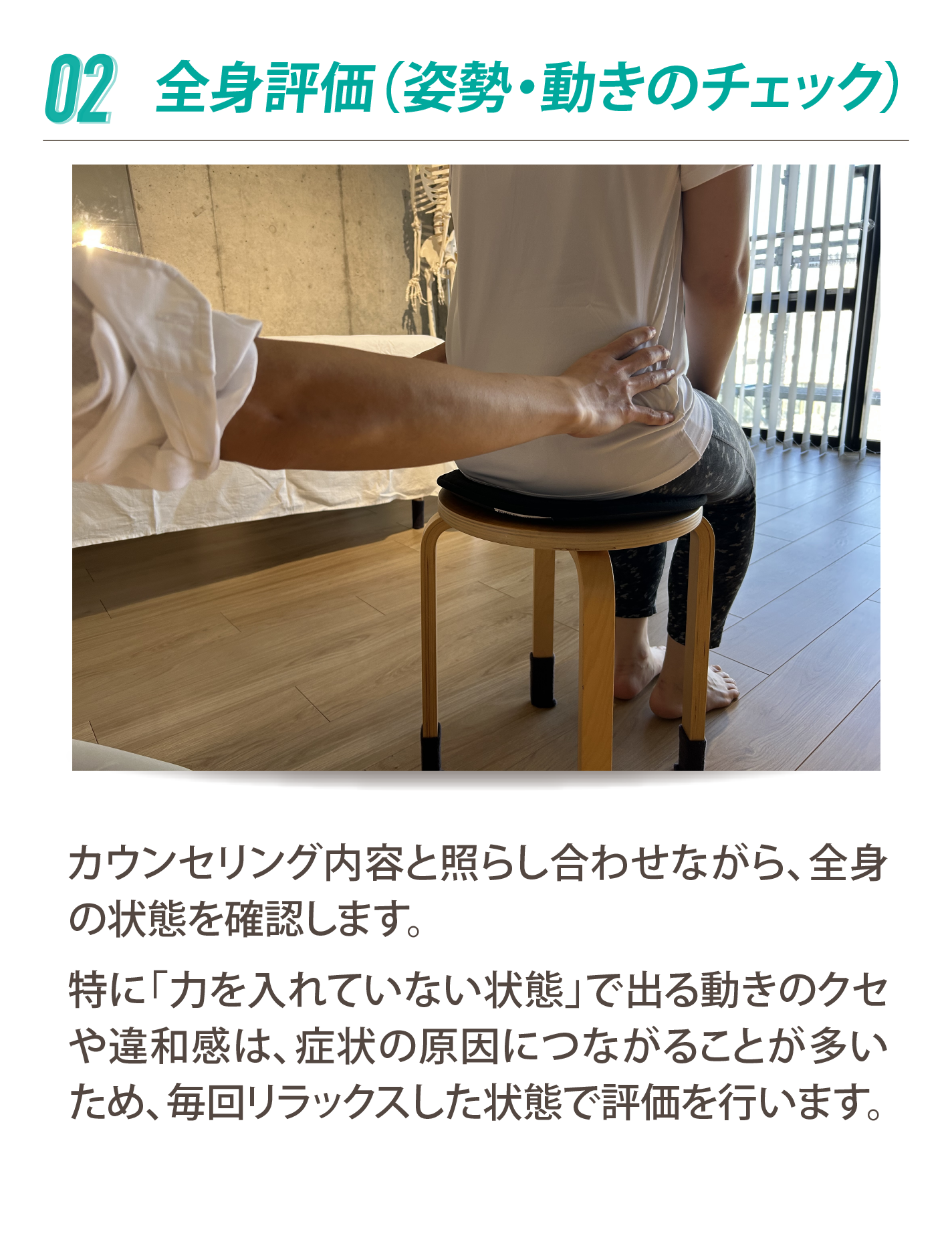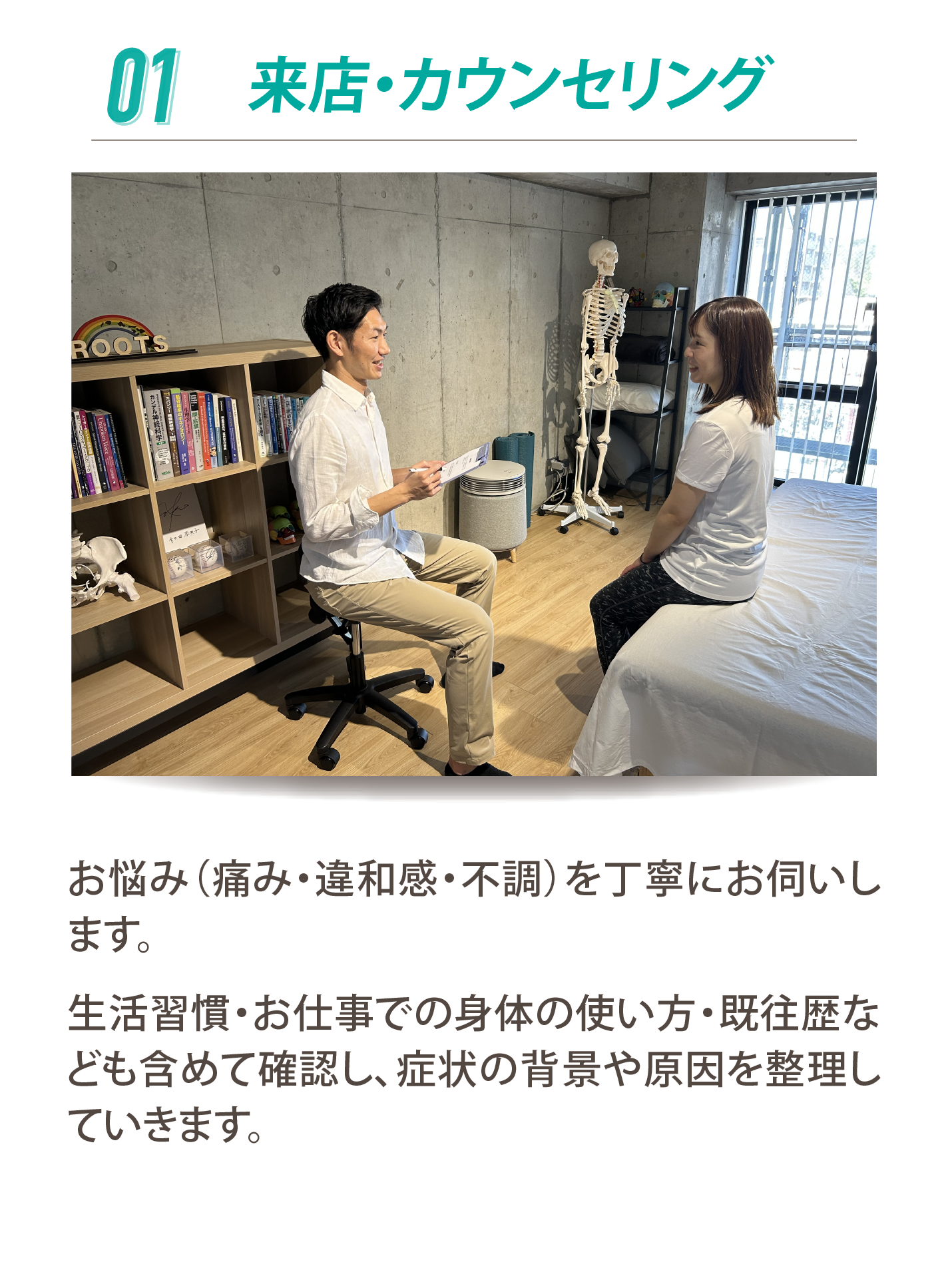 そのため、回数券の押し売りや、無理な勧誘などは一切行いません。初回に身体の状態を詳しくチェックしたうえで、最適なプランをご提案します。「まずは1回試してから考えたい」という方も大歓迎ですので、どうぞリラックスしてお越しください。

__________

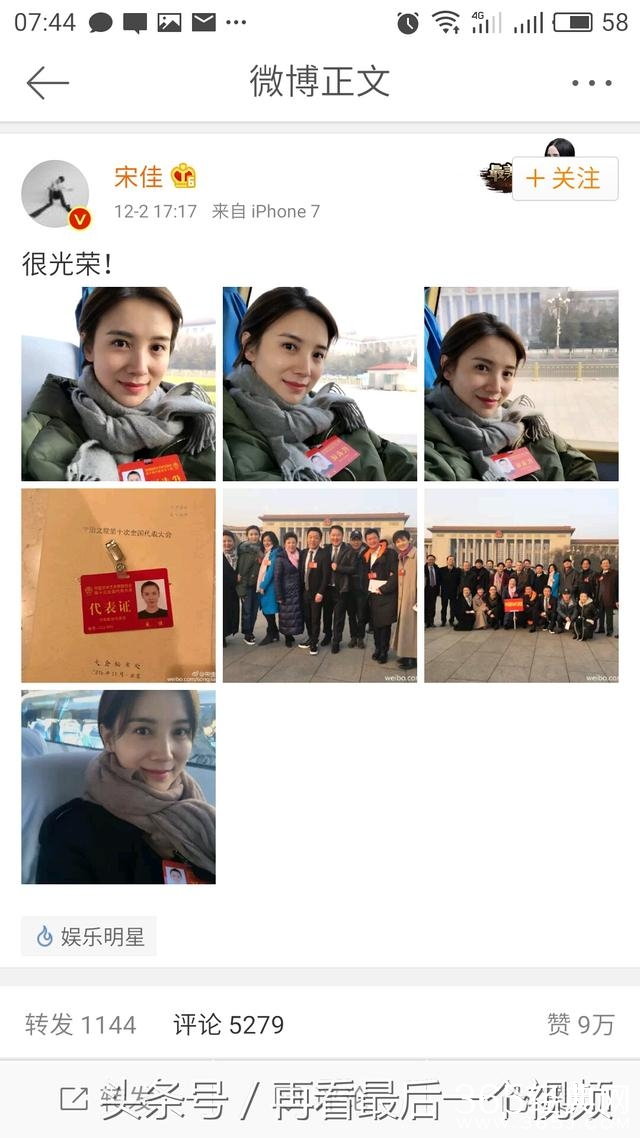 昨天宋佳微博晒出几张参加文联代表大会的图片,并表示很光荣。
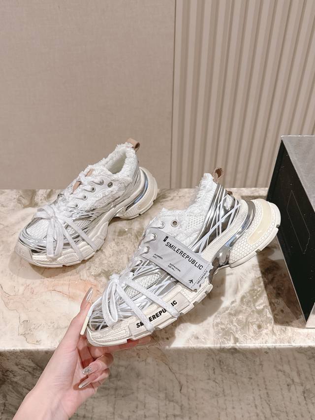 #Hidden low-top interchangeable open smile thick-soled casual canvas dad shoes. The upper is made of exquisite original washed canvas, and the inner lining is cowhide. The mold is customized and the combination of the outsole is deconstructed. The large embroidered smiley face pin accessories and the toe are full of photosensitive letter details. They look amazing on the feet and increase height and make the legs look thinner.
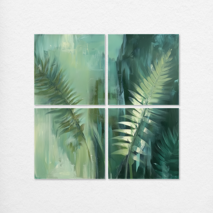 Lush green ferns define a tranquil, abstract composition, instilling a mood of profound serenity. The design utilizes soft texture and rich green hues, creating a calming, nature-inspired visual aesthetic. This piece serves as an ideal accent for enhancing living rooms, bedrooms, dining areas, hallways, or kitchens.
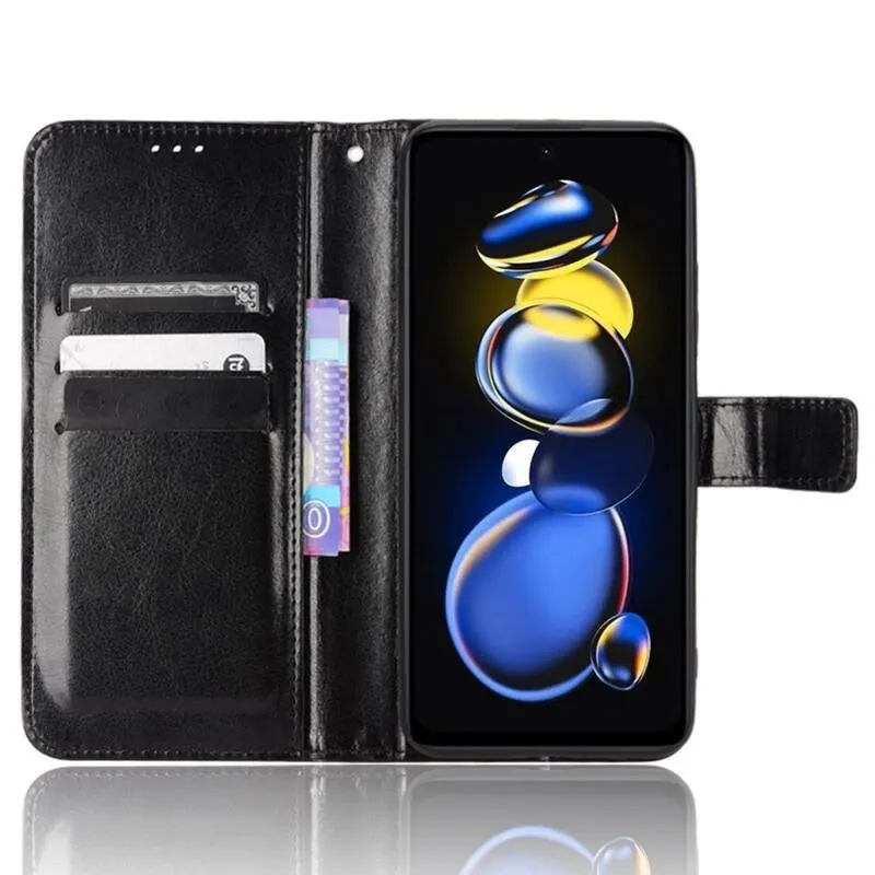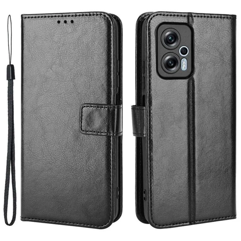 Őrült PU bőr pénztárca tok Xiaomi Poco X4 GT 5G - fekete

__________

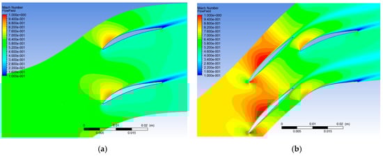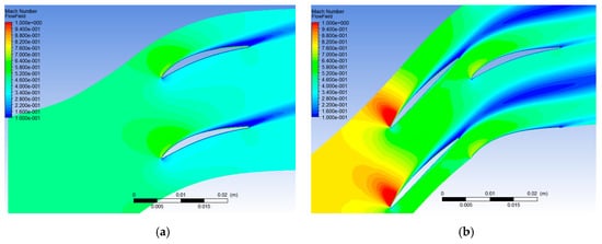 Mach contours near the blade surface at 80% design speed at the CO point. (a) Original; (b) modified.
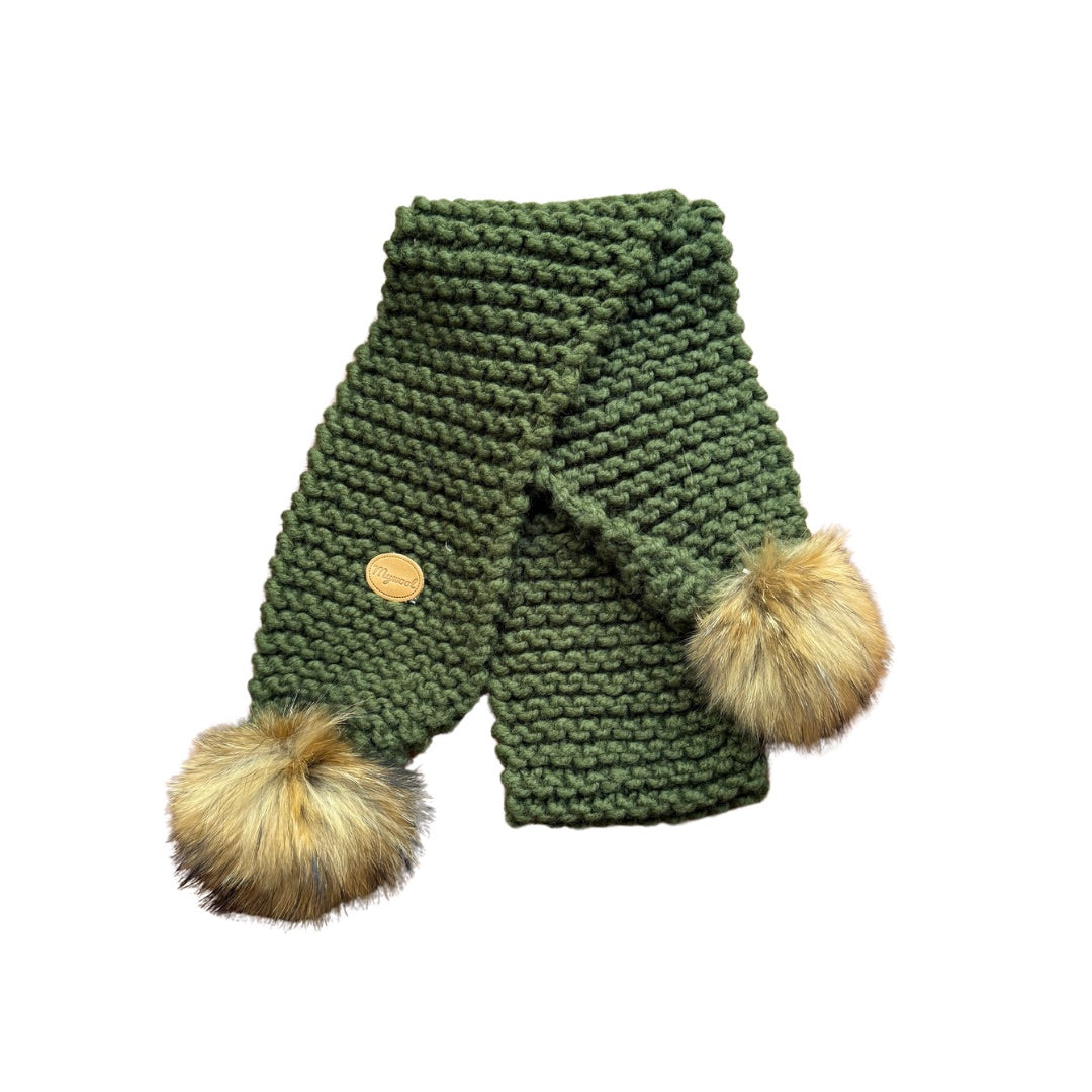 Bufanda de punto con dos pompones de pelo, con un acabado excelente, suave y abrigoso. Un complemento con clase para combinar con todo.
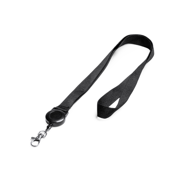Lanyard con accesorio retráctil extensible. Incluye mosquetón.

__________

What's needed is an exact copy of the lines above from the one with "Lush green ferns" through the one with "Őrült PU bőr", both included; the pictures stay out.

 Lush green ferns define a tranquil, abstract composition, instilling a mood of profound serenity. The design utilizes soft texture and rich green hues, creating a calming, nature-inspired visual aesthetic. This piece serves as an ideal accent for enhancing living rooms, bedrooms, dining areas, hallways, or kitchens.
 Őrült PU bőr pénztárca tok Xiaomi Poco X4 GT 5G - fekete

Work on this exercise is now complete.